Jan 28, 9am:11am (Dussane). Introduction (Sagot & Dupoux)
Feb 04, 9am:11am (Dussane). ASR1: Features and Acoustic Models (Dupoux & Zeghidour)
Feb 11, 9am:12am (Dussane). ASR2: Language Models (Dupoux, Zeghidour, Riad) + presentation TD
Feb 18, 9am:11am (Dussane). NLP1: Language processing in the wild (Sagot)
Feb 25, 9am:11am (Dussane). NLP2: Formal languages (Sagot)
Mar 4, 9am:12am (Dussane). NLP3: Parsing (Sagot) + presentation TD
Mar 11, 9am:12am (Dussane). Translation (Guest: Schwenk)
Mar 18, 9am:12am (Dussane). Perspectives (Sagot & Dupoux)

(Dussane): 45 rue d'Ulm, Paris 75005, Amphi Dussane, Ground Floor, left.

The course materials (PDFs, etc.) are listed in the subdirectories numbered #1 .. #8.

Validation:

The validation is continuous: there is no final exam, but a combination of quizzes during the lessons (20%) and two practical assignments (TDs), (40% each). ATTENTION: since there is no exam, there is no possibility of "rattrapage" (ie, of compensating a bad mark by taking another exam). So, if the overall grade obtained in this course is less than 10/20, this course will not be considered validated by the MVA Master.
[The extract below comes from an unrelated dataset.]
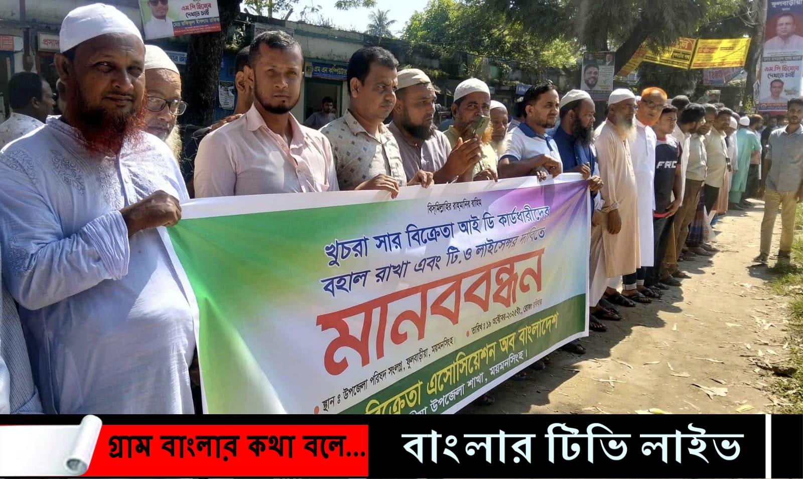 ফুলবাড়ীয়ায় খুচরা সার বিক্রেতাদের বহাল রাখার দাবিতে মানববন্ধন

Practical assignments (TD) :

 The practical assignments are given on the courses #3 and #6. There will be one assignment for the speech part and one for the NLP part. For each assignment, students are provided with the necessary data and Python code, either as a list of requirements to install or in the form of a disk image (.ova) to be mounted and booted from a virtual machine. They will hand in their source code and a max two page report, detailing their work, the difficulties encountered and the results. Students will have a max of 2 weeks to complete the assignment; assignment will be graded from 0 to 20, with a -1 point removed from the score for each day of being late. Each assignment will count for 40% of the final grade. We may organise special Q&A sessions regarding these assignments from 11am to 12am upon request.